Q: What is considered trolling/harassment

*FA Usage*
Q: What content is not allowed?
Q: How do I remove/delete something from my gallery?
Q: How do I change the user interface?
Q: Can I add my own user interface?
Q: Do I have to put my real age?


----------



## DarkVixen (Oct 18, 2005)

Where do I report stolen artwork to?


----------



## TORA (Oct 18, 2005)

Potential FAQ:
Could I get all my favorites and watches back from the "old" FA or do I have to enter them all over again?


----------



## furry (Oct 18, 2005)

Q:





> How can I become an admin ?



Answer :

NOT GONNA HAPPEN.
Srsly, asking that question makes you go on the "perma-no" list.


----------



## Suule (Oct 18, 2005)

TORA said:
			
		

> Potential FAQ:
> Could I get all my favorites and watches back from the "old" FA or do I have to enter them all over again?

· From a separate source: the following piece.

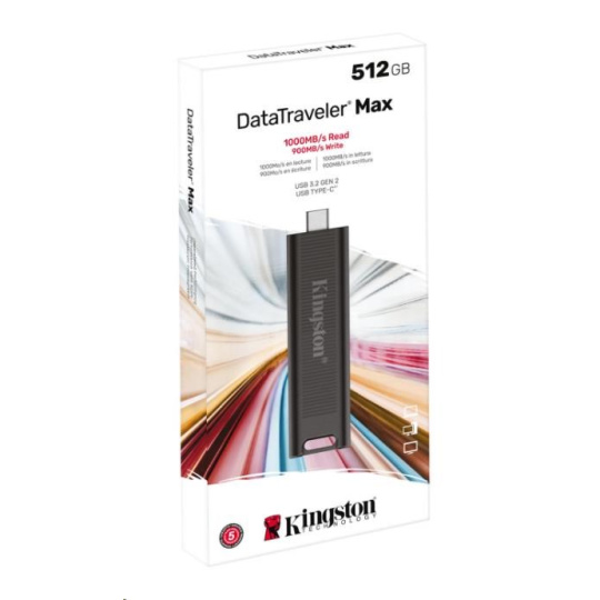 DataTraveler® Max značky Kingston je vysoce výkonný flash disk USB Type-C®1, který využívá nejnovější standard rozhraní USB 3.2 2. generace pro rekordní rychlost čtení/zápisu až 1000/900 MB/s2. Jedinečné pouzdro s prolisem, navržené s ohledem na přenosnost a pohodlí, chrání konektor, když ho nepoužíváte, a lze ho snadno přesunout jediným pohybem. DT Max nabízí špičkový výkon a rozšířené kapacity až 1 TB3, což z něj činí ideální řešení pro přenos a ukládání velkých digitálních souborů, jako jsou fotografie v rozlišení HD, videa v rozlišení 4K/8K, hudba a další.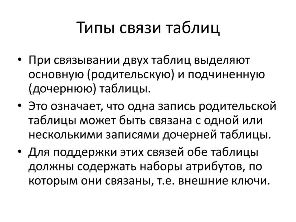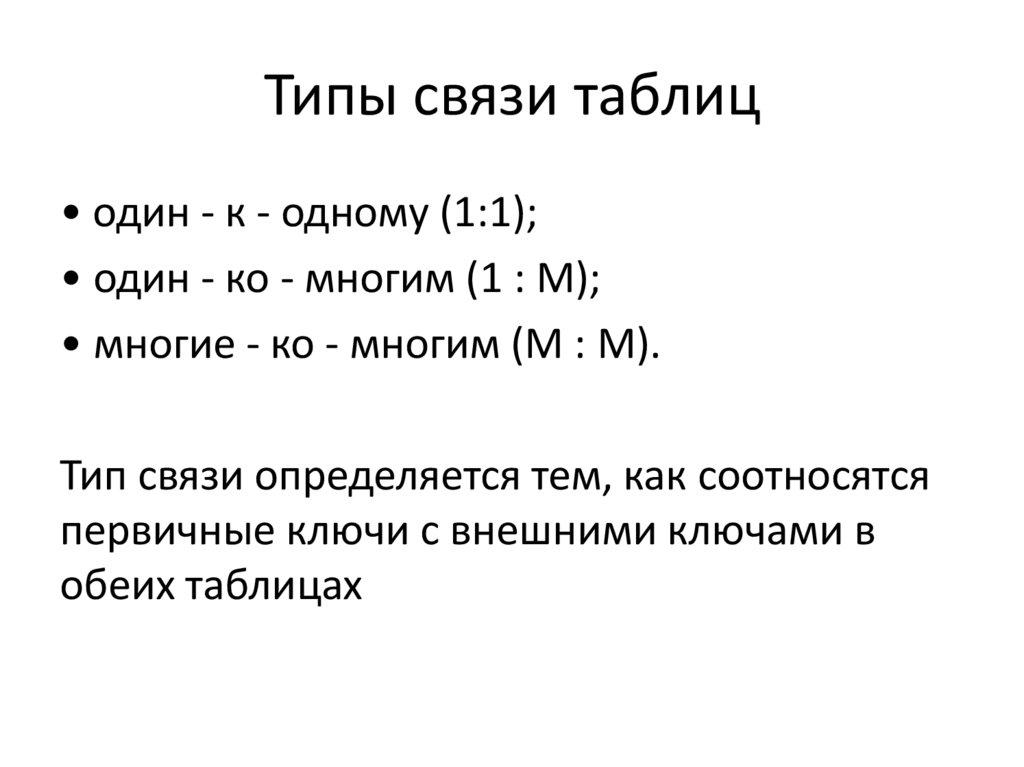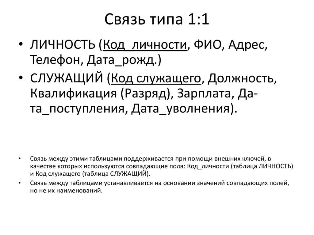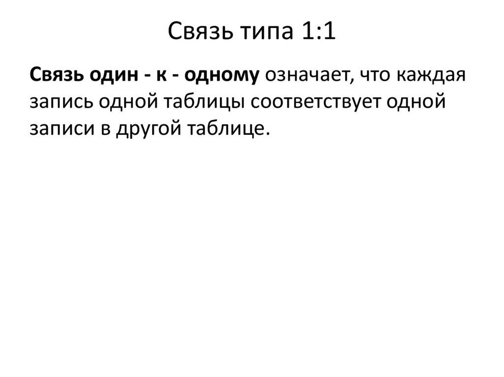 • связь "один-к-одному" (1:1): в каждый

Yes. This is essential in the FAQ! I'm tired of answering the same question.

Also: 

"Which file formats are supported?" would be good. Apart from "I've found a bug, where to report it?", "How can I donate to FA?" and "Was the new FA rewritten from scratch".


----------



## blade (Nov 6, 2005)

How about:

"How do I stop someone from looking at my art?"
"How do I remove/delete something from my gallery?"
"How do I change the user interface?" (For if there's gunna be more than one)
"Can I add my own user interface?"
"Do I have to put my real age?"


Just some things that popped into my head


----------



## Pico (Nov 6, 2005)

"What is FurAffinity?"
"Who are the admins?  the coders?"
"What content is not allowed?"
"Will FA ever become a pay site or have upgradable accounts?"
"How do I delete my account/all of my art?"
"Is FA only for furry art?"


----------



## Dobie (Nov 7, 2005)

"Where do i report people who are bugging or being rude to me within the FA site?"


----------



## Dragoneer (Nov 7, 2005)

Dobie said:
			
		

> "Where do i report people who are bugging or being rude to me within the FA site?"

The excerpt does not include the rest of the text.